Assignment: Using the listing below, output only the lines from the one that contains "ASOS DESIGN - Oversized, strikket" through the one that contains "Un pantalon de", inclusive, exactly as given and without images.

Records shown:

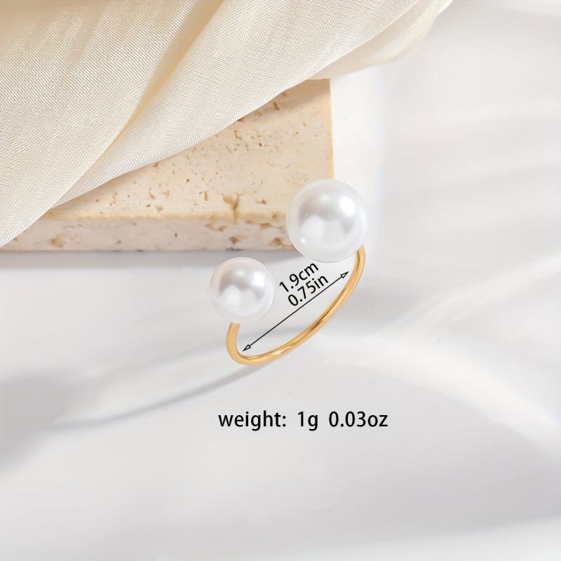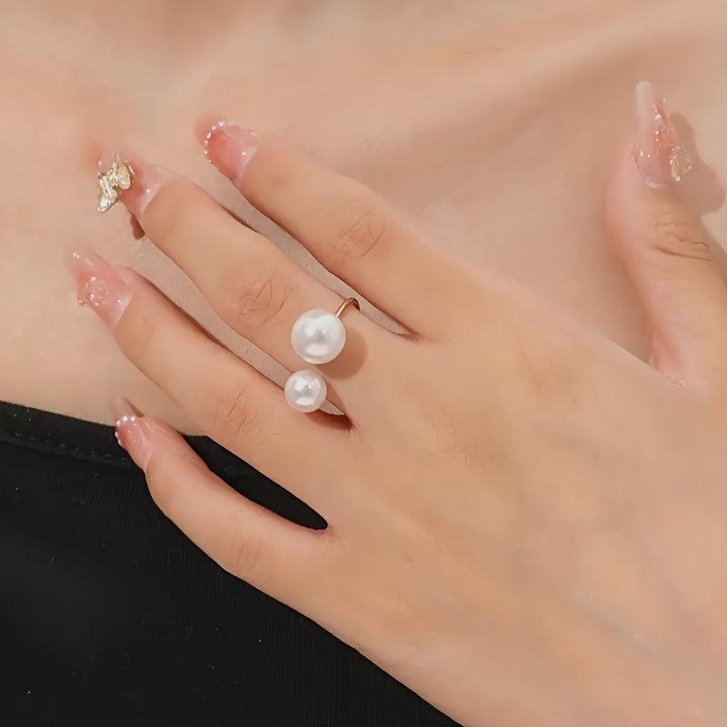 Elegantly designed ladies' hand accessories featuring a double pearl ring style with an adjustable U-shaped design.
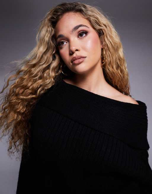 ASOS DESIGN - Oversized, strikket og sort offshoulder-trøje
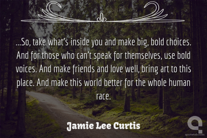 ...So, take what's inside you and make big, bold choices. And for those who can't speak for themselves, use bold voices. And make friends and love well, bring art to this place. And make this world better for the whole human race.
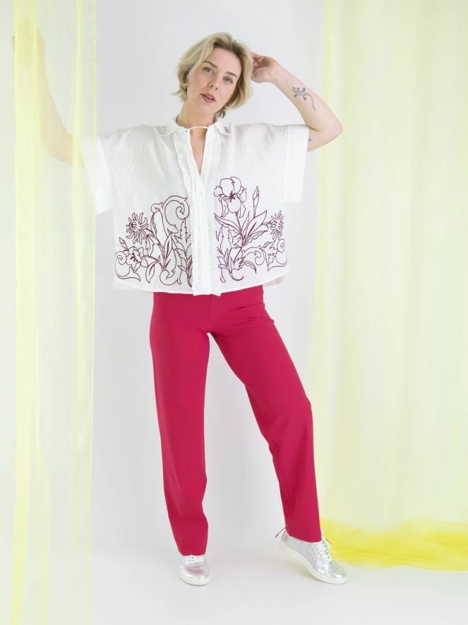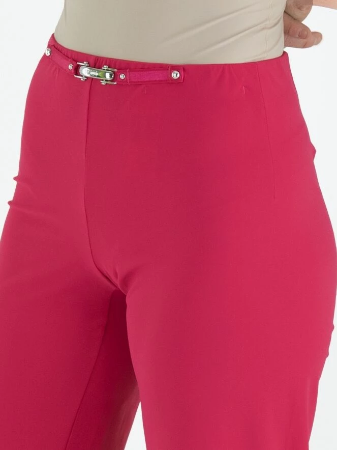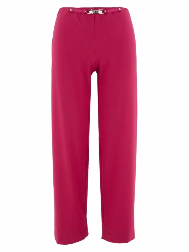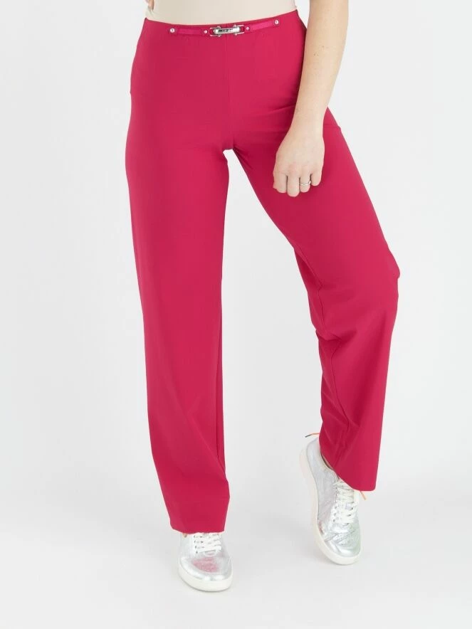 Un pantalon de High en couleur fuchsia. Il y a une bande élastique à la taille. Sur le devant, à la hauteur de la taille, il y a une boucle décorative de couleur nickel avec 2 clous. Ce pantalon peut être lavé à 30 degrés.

---

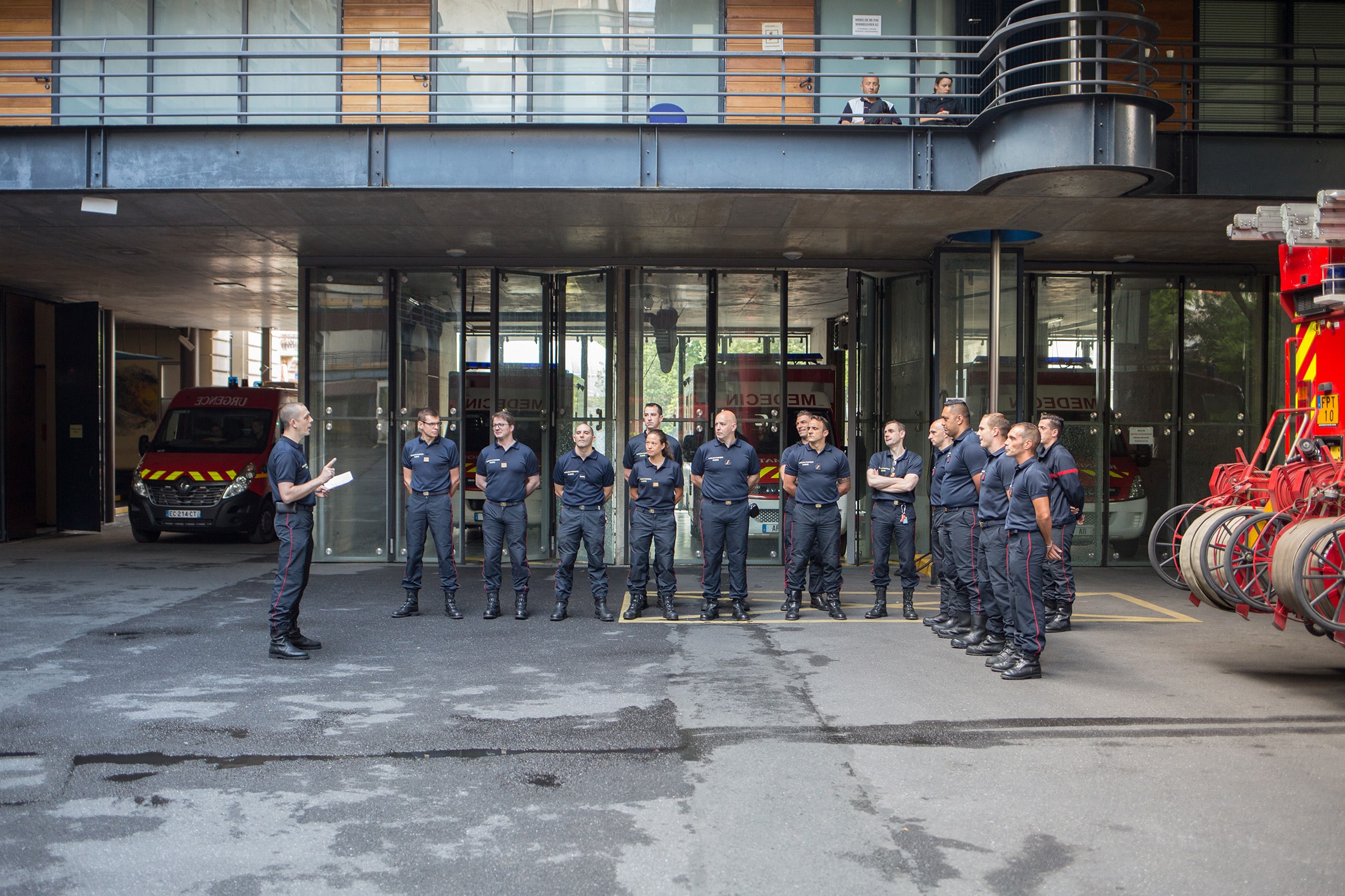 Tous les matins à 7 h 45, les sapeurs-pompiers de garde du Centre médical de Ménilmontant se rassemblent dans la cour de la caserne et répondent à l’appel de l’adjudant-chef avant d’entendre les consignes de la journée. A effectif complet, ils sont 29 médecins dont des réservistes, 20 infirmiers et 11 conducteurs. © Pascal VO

Answer for this exercise:
 ASOS DESIGN - Oversized, strikket og sort offshoulder-trøje
 ...So, take what's inside you and make big, bold choices. And for those who can't speak for themselves, use bold voices. And make friends and love well, bring art to this place. And make this world better for the whole human race.
 Un pantalon de High en couleur fuchsia. Il y a une bande élastique à la taille. Sur le devant, à la hauteur de la taille, il y a une boucle décorative de couleur nickel avec 2 clous. Ce pantalon peut être lavé à 30 degrés.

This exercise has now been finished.